178/80 とそれほど大きな体格ではないが、常時145キロ前後ののストレートで、ガンガン押して来る速球派。まだまだ荒削りですが、素材としては確かにプロが魅了されるだけのものはあります。

ストレート 常時145キロ前後~MAX146キロ

 ストレート1球1球のバラツキは顕著で、かなり好い球と悪い球との差が見られます。特に左打者外角に投げ込む球は、大きくシュート回転して逃げてゆきます。これは、自然にそうなるものと思われます。たまにしっかり指にかかった時のストレートには、素晴らしいものがありますが。

変化球 スライダー・チェンジアップなど

 変化球は、チェンジアップような沈む球を多く織り交ぜ、右打者にはスライダーも使ってきます。あくまでもこれらは、カウントを稼ぐ・緩急を効かせるためのものであり、三振を奪うキレはありません。現状は、ストレートで押すのが、この選手のピッチングスタイルです。

その他

 牽制を入れて走者を威嚇はしますが、それほど鋭さはありません。むしろ打者との勝負前に、一呼吸入れるのに使っているフシがあります。その証にランナーには、完全にモーションを盗まれて進塁を許します。本人の中にも、打者に集中したいという意志が強いようです。

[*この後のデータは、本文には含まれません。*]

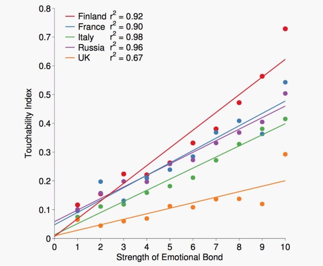 There wasn’t a significant amount of cultural difference in where participants would allow family, friends and strangers to touch them; but some nationalities were less enthusiastic about touching than others. True to their stereotype, British participants were right at the bottom on the touchability index. And to the researchers’ surprise, Italians were less comfortable with being touched than Russians.
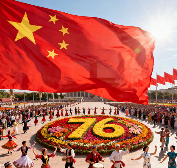 今朝慶典,四海同歡,喜氣盈霄;此日歡歌,九州共樂,豪情涌潮。

 フィールディングも、正直あまり上手くありません。クィックは、1.15~1.25秒ぐらいと、基準である1.2秒前後で投げられますが、その前にモーションを盗まれていては意味がありません。まだまだ打者に一所懸命投げ込む、それだけで精一杯といった感じです。

(投球のまとめ)

 立ち上がりこそ制球は乱れましたが、元来は打者の外角を中心にボールを集めるのが身上のようです。都市対抗のJR東海戦を見ていても、甘いゾーンへのボールは殆どありませんでした。むしろコースを突いた球を、踏み込んで打たれてしまう、ボールの見やすさに問題があるように思えます。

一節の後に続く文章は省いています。